### Problem to solve
The copy should hold exactly the lines below from the one that contains "Mujer enfrenta a" through the one that contains "drone regulations (USA, FAA" and nothing else, so no pictures.

### Records for this task
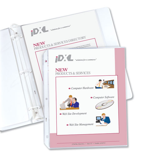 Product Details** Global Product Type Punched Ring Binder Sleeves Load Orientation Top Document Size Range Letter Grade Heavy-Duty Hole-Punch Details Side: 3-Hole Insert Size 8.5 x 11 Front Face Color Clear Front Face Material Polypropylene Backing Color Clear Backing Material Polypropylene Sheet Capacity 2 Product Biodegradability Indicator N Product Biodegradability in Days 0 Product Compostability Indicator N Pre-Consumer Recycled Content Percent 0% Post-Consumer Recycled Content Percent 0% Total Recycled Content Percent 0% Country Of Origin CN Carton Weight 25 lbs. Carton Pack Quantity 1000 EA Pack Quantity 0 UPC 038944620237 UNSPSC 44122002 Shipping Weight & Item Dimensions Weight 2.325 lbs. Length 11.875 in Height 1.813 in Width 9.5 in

* * *

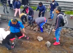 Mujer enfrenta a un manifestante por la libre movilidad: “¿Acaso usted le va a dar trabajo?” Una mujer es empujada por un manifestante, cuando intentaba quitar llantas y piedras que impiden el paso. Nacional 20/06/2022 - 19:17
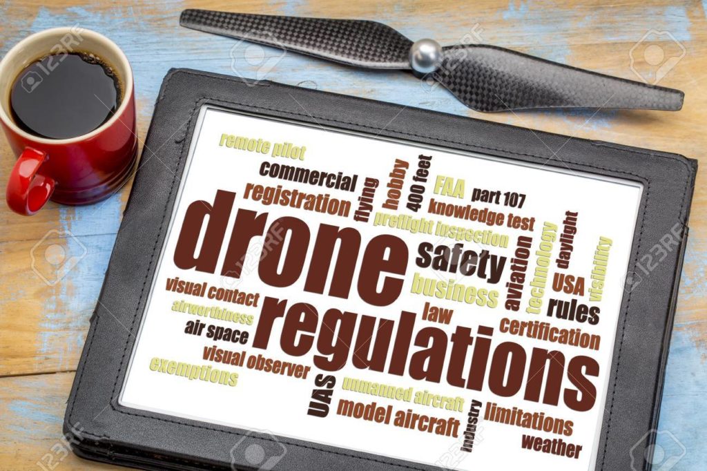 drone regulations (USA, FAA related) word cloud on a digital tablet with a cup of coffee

...

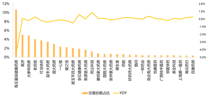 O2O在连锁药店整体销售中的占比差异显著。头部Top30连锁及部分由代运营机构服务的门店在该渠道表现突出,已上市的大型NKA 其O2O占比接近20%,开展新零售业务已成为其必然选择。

### Finished exercise
 Mujer enfrenta a un manifestante por la libre movilidad: “¿Acaso usted le va a dar trabajo?” Una mujer es empujada por un manifestante, cuando intentaba quitar llantas y piedras que impiden el paso. Nacional 20/06/2022 - 19:17
 drone regulations (USA, FAA related) word cloud on a digital tablet with a cup of coffee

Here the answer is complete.